Source records below:

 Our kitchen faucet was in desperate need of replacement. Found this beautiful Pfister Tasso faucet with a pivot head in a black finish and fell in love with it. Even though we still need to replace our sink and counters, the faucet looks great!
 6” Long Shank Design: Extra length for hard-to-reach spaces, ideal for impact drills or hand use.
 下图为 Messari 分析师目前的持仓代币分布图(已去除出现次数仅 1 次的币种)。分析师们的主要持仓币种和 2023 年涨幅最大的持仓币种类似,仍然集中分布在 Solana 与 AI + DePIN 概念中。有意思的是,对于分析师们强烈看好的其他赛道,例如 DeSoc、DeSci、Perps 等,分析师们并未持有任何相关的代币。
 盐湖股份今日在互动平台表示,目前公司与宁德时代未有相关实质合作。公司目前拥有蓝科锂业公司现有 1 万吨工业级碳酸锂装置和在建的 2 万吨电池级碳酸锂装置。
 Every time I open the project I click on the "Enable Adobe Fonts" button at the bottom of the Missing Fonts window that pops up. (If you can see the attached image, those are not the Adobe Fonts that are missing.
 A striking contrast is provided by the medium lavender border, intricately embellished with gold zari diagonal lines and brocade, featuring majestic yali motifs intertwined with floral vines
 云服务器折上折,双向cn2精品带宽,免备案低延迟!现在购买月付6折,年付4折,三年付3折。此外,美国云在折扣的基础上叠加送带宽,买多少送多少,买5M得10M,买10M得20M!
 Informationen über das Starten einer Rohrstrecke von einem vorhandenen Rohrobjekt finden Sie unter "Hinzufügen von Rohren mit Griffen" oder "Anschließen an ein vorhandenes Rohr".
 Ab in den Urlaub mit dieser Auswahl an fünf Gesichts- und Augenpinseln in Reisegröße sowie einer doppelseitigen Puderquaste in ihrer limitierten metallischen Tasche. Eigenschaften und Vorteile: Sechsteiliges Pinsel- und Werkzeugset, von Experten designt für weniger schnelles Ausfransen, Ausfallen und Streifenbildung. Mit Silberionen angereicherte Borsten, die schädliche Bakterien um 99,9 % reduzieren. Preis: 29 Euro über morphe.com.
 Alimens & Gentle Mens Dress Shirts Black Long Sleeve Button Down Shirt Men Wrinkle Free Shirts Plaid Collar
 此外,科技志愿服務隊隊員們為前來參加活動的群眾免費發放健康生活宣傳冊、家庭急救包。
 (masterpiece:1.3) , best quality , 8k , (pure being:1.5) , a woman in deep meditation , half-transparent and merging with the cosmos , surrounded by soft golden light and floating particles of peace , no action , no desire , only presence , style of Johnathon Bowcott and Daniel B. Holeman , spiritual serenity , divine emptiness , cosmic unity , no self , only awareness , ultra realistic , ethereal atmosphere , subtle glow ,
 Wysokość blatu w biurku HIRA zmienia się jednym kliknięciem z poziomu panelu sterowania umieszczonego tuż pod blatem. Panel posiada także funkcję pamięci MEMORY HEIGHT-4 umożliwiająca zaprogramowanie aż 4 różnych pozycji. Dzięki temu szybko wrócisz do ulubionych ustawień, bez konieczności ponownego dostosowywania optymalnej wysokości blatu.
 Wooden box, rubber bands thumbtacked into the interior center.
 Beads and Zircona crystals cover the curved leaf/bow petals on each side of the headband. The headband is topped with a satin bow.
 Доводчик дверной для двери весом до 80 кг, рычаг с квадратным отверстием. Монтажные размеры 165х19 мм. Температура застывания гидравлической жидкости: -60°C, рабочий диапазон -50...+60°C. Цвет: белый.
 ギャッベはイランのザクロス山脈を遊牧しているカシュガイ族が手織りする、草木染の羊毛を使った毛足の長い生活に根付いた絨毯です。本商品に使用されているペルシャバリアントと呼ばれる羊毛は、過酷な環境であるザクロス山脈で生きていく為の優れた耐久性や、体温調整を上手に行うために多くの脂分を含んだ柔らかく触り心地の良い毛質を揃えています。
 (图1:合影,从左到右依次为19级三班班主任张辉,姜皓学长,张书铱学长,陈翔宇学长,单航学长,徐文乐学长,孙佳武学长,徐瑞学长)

End of Source records.

▶ **Instructions to follow**
Each line from the one that contains "Доводчик дверной для" to the end of the data should be set down exactly, both ends included.

▶ **Result**
 Доводчик дверной для двери весом до 80 кг, рычаг с квадратным отверстием. Монтажные размеры 165х19 мм. Температура застывания гидравлической жидкости: -60°C, рабочий диапазон -50...+60°C. Цвет: белый.
 ギャッベはイランのザクロス山脈を遊牧しているカシュガイ族が手織りする、草木染の羊毛を使った毛足の長い生活に根付いた絨毯です。本商品に使用されているペルシャバリアントと呼ばれる羊毛は、過酷な環境であるザクロス山脈で生きていく為の優れた耐久性や、体温調整を上手に行うために多くの脂分を含んだ柔らかく触り心地の良い毛質を揃えています。
 (图1:合影,从左到右依次为19级三班班主任张辉,姜皓学长,张书铱学长,陈翔宇学长,单航学长,徐文乐学长,孙佳武学长,徐瑞学长)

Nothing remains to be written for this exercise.